I'd say if you're serious about focusing on the 3d side of things, try to get your hands on an Autodesk product (either 3DS Max, Maya, or Softimage) along with a sculpting program (Zbrush or Mudbox). If you're a student, you should be able to get free access to any of these (except zbrush). 

If that deal doesn't apply to you or you just want to focus more on programming and just have the ability to make assets to supplement your project, then Blender is an acceptable substitute.

Nov 17 2012, 8:53pm Anchor
TerranAmbassador wrote:but it doesn't have some of the export/import options that Max would.

If it doesn't have these options, so it cannot send my works to the engine?

rgcotl wrote:
also you could check the sculptris software

Sculptris software? Sry but what's this thing can even do? Just asking (first time heard of it)..

xhrit wrote:Blender is the best, because it is Free and Open Source.

Really? Gotta check it out later.

Helmlock wrote:3Ds max for modeling is pretty much the industry standard.

You mean everybody here in Moddb are using it? Even the big game company?

TheHappyFriar wrote:(search the page for "create/edit 3d graphics" : Econsultant.com

Thanks for this link. Now I can search for my free software here. :)

Flash112 wrote:start with what you will be working in! Since you would be re-learning anyway

I'm sry but what's that supposed to mean? ;)

Jok3r098 wrote:it took me ages to learn but having used both blender and max i prefer blender.

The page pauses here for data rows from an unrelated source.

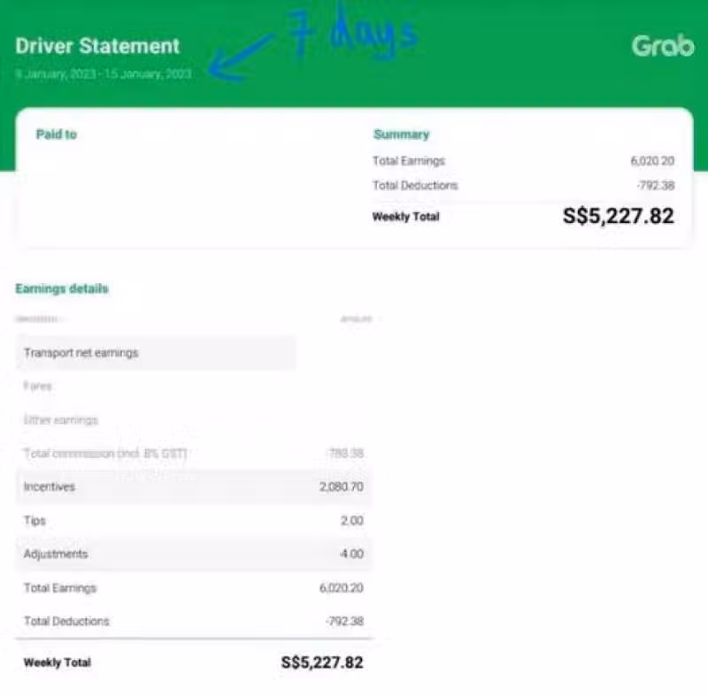 根據Beh Chia Lor-Singapore Road在面子書頁面上轉載的截圖,這名司機在本月9日至15日的一周內,賺了6020.20新元,包括2080.70新元(約6866令吉31仙)的獎勵和2新元(約6令吉60仙)的小費。若扣除支付給Grab的佣金以及總額4新元(約13令吉20仙)的「調整」,這名司機這一周的凈收入為5227.82新元(約1萬7251令吉81仙)。但是,這尚未扣除司機的成本,例如租車費、加油費、停車費等。
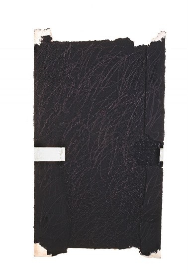 Construcción en papel hecho a mano y pintado al óleo encolado a tabla
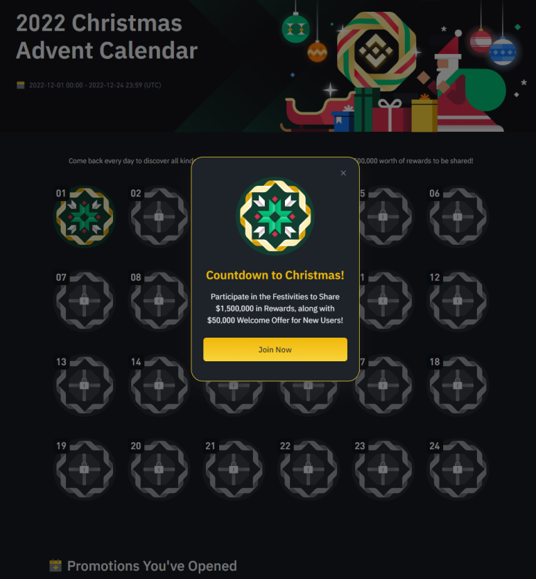 매일매일 Binance Advent Calendar로 출석하는 개념입니다.
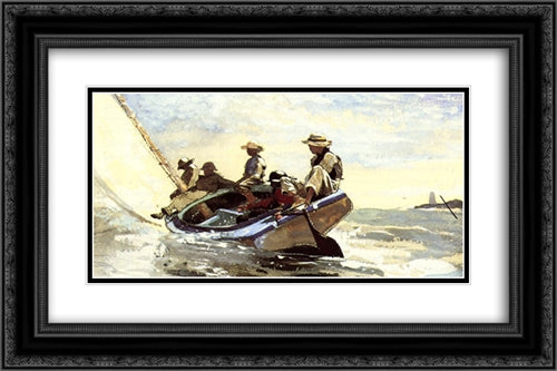 Sailing the Catboat 24x16 Black Ornate Wood Framed Art Print Poster with Double Matting by Homer, Winslow
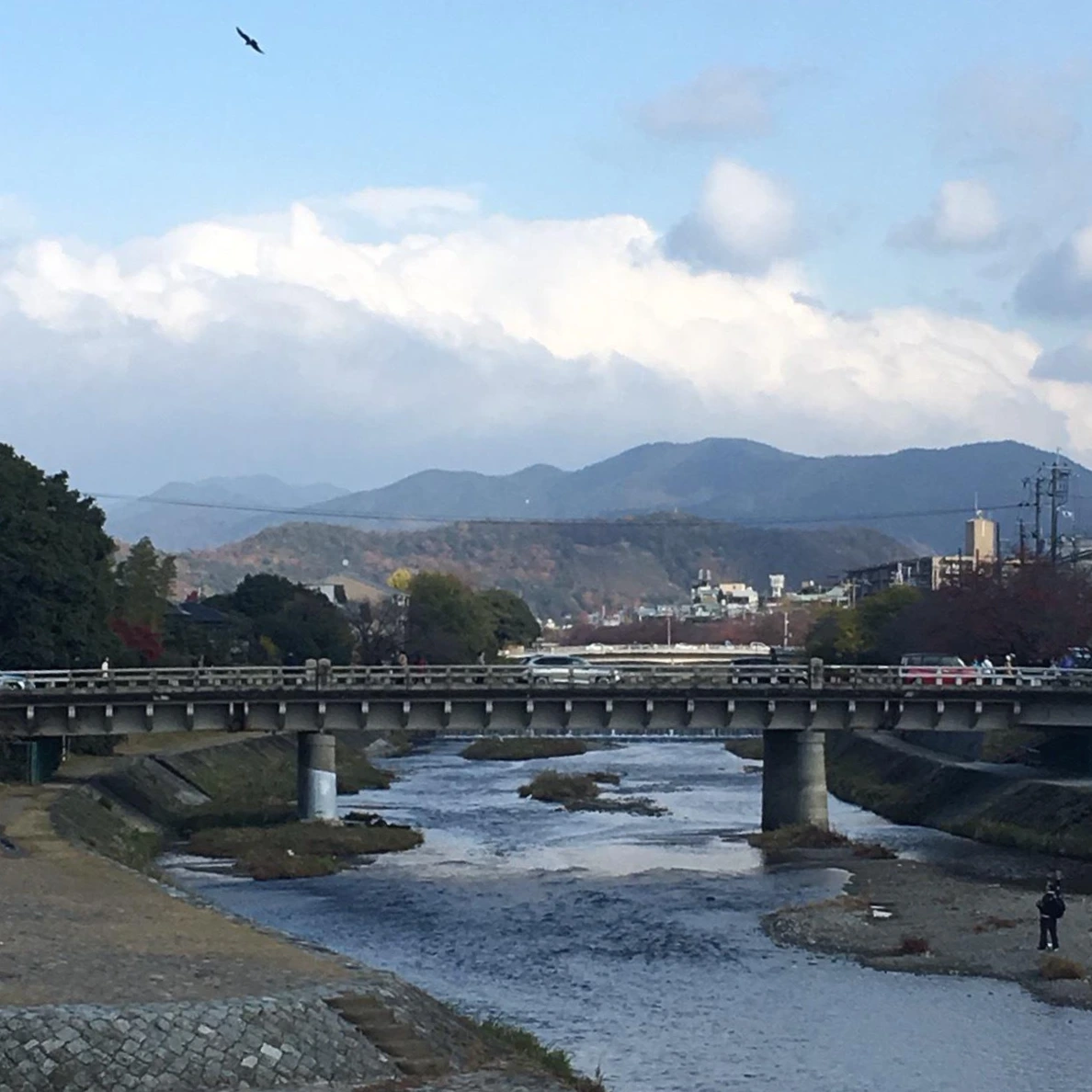 11월의 교토는 조금 쌀쌀하지만 많이 춥지는 않았다. 하늘이 맑았고 바람은 조금 불었지만 호스텔의 자전거를 대여해 다니기로 했다. 첫 번째 장소로 가는 길에 카모 강을 건넜다. 카모 강은 교토의 유명한 강으로 이 지역 사람들의 사랑을 받고 있는 곳이다. 어느 지역이든 강이 있다면 그곳은 쉼터가 되고 만남의 장소가 되는 듯하다.

So the blender is better than 3DSMax?

Cryrid wrote:then Blender is an acceptable substitute.

Ok, I will look into it.

Wow, there's quite lot of choice we got here. BTW, thanks for the posts, guys. I appreciate it. :D I'm still a student, if you curious . So, there's no way I could get my own credit card that everyone uses to buy that pretty pricely software. I will consider either Blender or Wings3D to use for my work. Anyway, I'm using a netbook (1.67 Ghz). Which is more suitable to me, now? I don't want to get some lagging while modelling..

Edited by: User_Fox

Nov 17 2012, 9:34pm Anchor

Depends. Are you using, say, a .ase file? Then no. You'll need to give the .blend to someone who can import it, and then export it to the .ase, or get a plugin. But if you're using a .obj, or something like that, then yeah, you use it for your engine straight from Blender.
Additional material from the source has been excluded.